## Task statement
Only certain lines below are wanted: those starting at the line containing "Dansubsektor 16 Cicalengka." and ending at the line containing "Die IT von Scalable", both included, each retyped exactly.

## Records provided
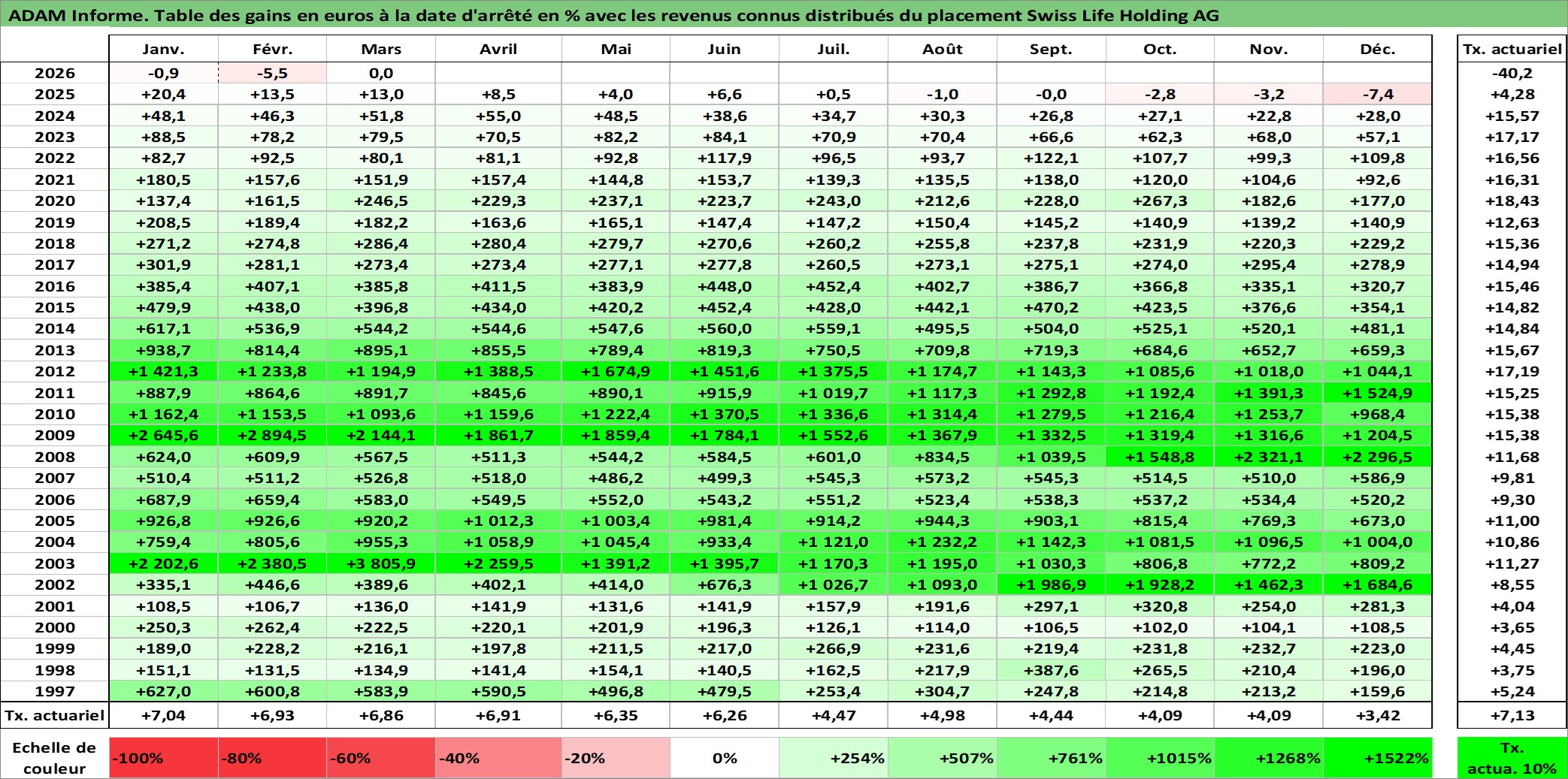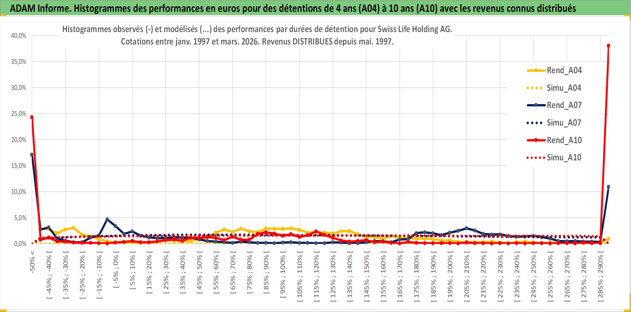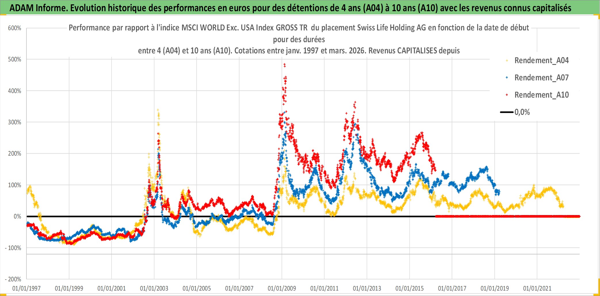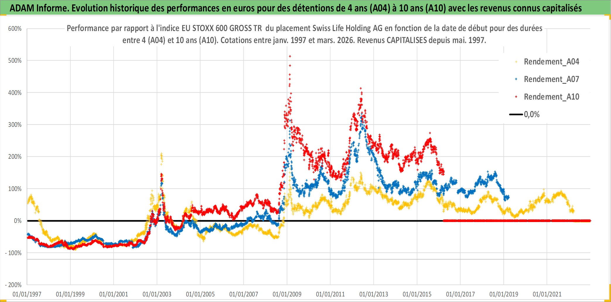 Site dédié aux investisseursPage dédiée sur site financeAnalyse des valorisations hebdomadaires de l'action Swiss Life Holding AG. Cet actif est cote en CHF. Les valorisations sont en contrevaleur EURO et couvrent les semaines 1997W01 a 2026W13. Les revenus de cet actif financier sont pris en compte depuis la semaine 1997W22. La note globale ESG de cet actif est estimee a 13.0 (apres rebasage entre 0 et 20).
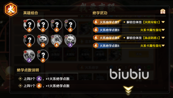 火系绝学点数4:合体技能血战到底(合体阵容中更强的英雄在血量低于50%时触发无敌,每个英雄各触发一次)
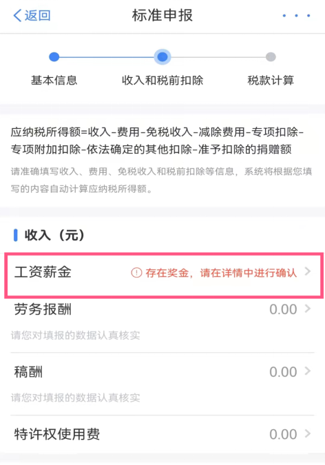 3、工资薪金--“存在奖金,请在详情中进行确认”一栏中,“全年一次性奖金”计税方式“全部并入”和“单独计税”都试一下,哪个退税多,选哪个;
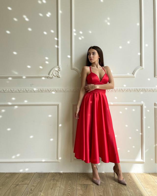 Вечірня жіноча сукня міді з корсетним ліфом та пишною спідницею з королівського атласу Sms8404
...
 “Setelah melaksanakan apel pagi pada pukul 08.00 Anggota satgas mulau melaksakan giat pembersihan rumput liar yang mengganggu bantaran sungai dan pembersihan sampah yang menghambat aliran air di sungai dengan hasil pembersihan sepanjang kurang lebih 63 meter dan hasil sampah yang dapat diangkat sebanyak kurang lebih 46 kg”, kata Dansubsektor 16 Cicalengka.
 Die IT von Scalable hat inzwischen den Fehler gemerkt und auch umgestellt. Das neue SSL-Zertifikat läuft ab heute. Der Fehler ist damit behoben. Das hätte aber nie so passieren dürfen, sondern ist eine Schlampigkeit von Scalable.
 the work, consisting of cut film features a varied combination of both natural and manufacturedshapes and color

## Expected output
 “Setelah melaksanakan apel pagi pada pukul 08.00 Anggota satgas mulau melaksakan giat pembersihan rumput liar yang mengganggu bantaran sungai dan pembersihan sampah yang menghambat aliran air di sungai dengan hasil pembersihan sepanjang kurang lebih 63 meter dan hasil sampah yang dapat diangkat sebanyak kurang lebih 46 kg”, kata Dansubsektor 16 Cicalengka.
 Die IT von Scalable hat inzwischen den Fehler gemerkt und auch umgestellt. Das neue SSL-Zertifikat läuft ab heute. Der Fehler ist damit behoben. Das hätte aber nie so passieren dürfen, sondern ist eine Schlampigkeit von Scalable.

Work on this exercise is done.